Danna Kelley: Hi, Katie. Happy to be here.

Kathryn Gehred: When did you first begin working at Monticello, and what made you want to work there?

Danna Kelley: I clearly remember, because it was the week of Mardi Gras, so it's February in 2005. So, that's almost 17 years ago. I think I was destined to work there, because I was one of those kids, as you may have been as well, given the choice between a vacation and Disney World and Colonial Williamsburg, I would have picked Colonial Williamsburg. You know, I'm just always fascinated and sort of by traveling in time, going back in time, going to historic sites reading books, and we did go to Williamsburg when I was a kid while I was reading my favorite book, which was Johnny Tremaine.

Kathryn Gehred: Oh wow! Having been on many of your tours, you're an excellent tour guide. What's something that you want people to take away with them after going on one of your tours?

Danna Kelley: Lately, I've really want thought about this a lot myself, and I hope my visitors leave with a sense of the gravity and the importance of the events in 1776. And, how Jefferson and his contemporaries, the movement, they initiated away from monarchy and towards self government, circles the globe. I mean, it was it was a sea change, don't you think? I mean, it was big, this was a very big deal that we sometimes take for granted. And, as you know, Monticello is a plantation. So, I certainly want visitors to think about the big picture, and the difficult history and the paradox of, you know, the promise of the young republic, but also the cruelty of the institution of slavery, the reality of that as well, not just at Monticello, but in the very, sort of the very DNA of our founding documents and the birth of our nation. And I guess, after all this difficult history, I want them to leave with a sense of hope, and optimism. I think Jefferson would have approved don't you think he was the eternal optimist, who said he liked the dreams of the future better than the history of the past. So lately, I've been finishing with lines from this letter he wrote when he was 73. He wrote "Laws and institutions must go hand in hand with the progress of the human mind." He said, "As new truths are disclosed, manners and opinions change, institutions must advance also, and keep pace with the times." So that's a lot. I don't know if they leave with any of that.

Kathryn Gehred: So, I'm very excited to talk about this letter with you, as a guide to Monticello, we've become pretty familiar with Jefferson and his family and the grandchildren in particular. So, this is yet another Ellen Wales Randolph Coolidge letter. I featured several of them on the podcast, but this one was just so good. This is a letter from March 1819, from Ellen Wales Randolph, she's not married yet. She's 23 years old at this time. And she's writing to her mother, Martha Jefferson Randolph, who at this point is 47 years old, and is at Monticello.
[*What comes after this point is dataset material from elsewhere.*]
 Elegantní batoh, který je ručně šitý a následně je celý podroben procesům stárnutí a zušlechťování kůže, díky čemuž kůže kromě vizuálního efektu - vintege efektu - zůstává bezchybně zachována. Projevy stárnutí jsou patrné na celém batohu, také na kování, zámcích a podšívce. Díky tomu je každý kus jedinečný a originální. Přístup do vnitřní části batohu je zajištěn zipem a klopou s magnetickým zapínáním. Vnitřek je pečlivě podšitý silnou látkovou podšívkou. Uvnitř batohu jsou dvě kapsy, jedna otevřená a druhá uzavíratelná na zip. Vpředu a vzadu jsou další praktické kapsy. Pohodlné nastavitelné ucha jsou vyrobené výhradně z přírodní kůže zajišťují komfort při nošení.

So Ellen is at this point, visiting one of her many aunts, Harriet Randolph Hackley, who I figured, I think she's 36 at this point.

Danna Kelley: Okay.

Kathryn Gehred: Who is running a school in Richmond that says Ellen sort of visiting Richmond for the social season as she does, but she's staying with her Aunt Hackley, as opposed to some of the other family members that she could choose to stay with.

Danna Kelley: I don't know if you know this, Katie, but I'm wondering, is this is this a school for girls, obviously, of all ages, or do you think they're teenagers? Or

Kathryn Gehred: I think they're probably teenagers, right? Like 11 to...
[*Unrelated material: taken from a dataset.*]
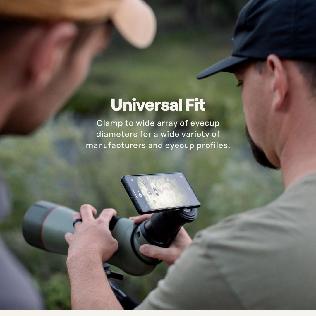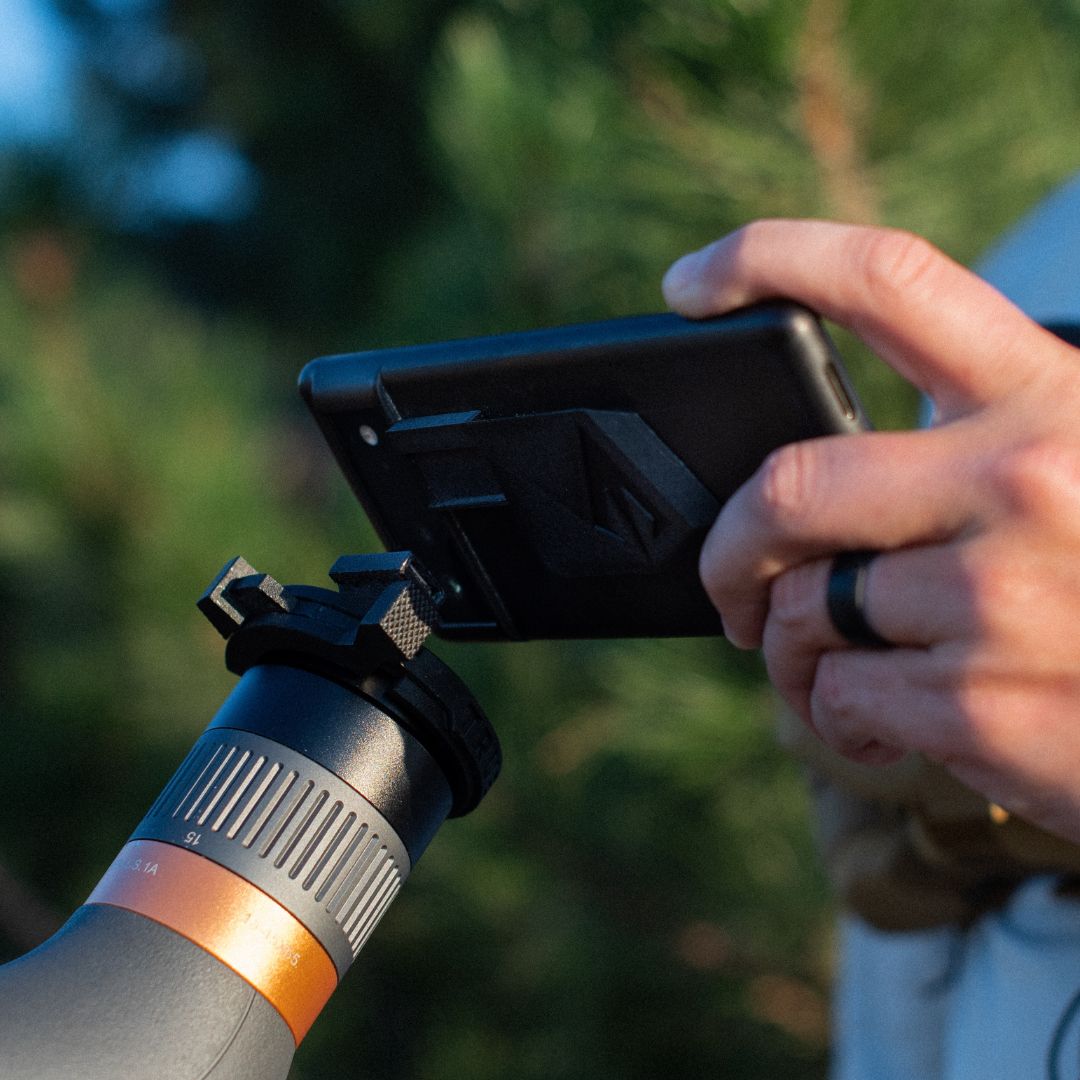 Our adapter system connects your smartphone to binoculars, spotting scopes, tripods or other optics so you can capture quality, long range photos and videos through the lens.

Danna Kelley: Okay. Yeah. All right.

Kathryn Gehred: So this is a fairly long letter, but I think the best thing to do would just be to read through it, and then we can talk through it at the end.

"Ellen Wayles Randolph to Martha Jefferson, Radolph,  29 March 1819.

I have written so lately & so often my dear Mother, that if I were like other people, I should have nothing more to say, but my pen like my tongue, runs faster than is quite compatible with the comfort of my friends. From your complaining of not hearing from me, I conclude that my letters must miscarry, for in the three weeks that I have been here, I have written ten times to the different members of my family. I have recorded every thing that could possibly interest, &c & I fear a great deal that could not interest them, & yet I get no credit for my exertions.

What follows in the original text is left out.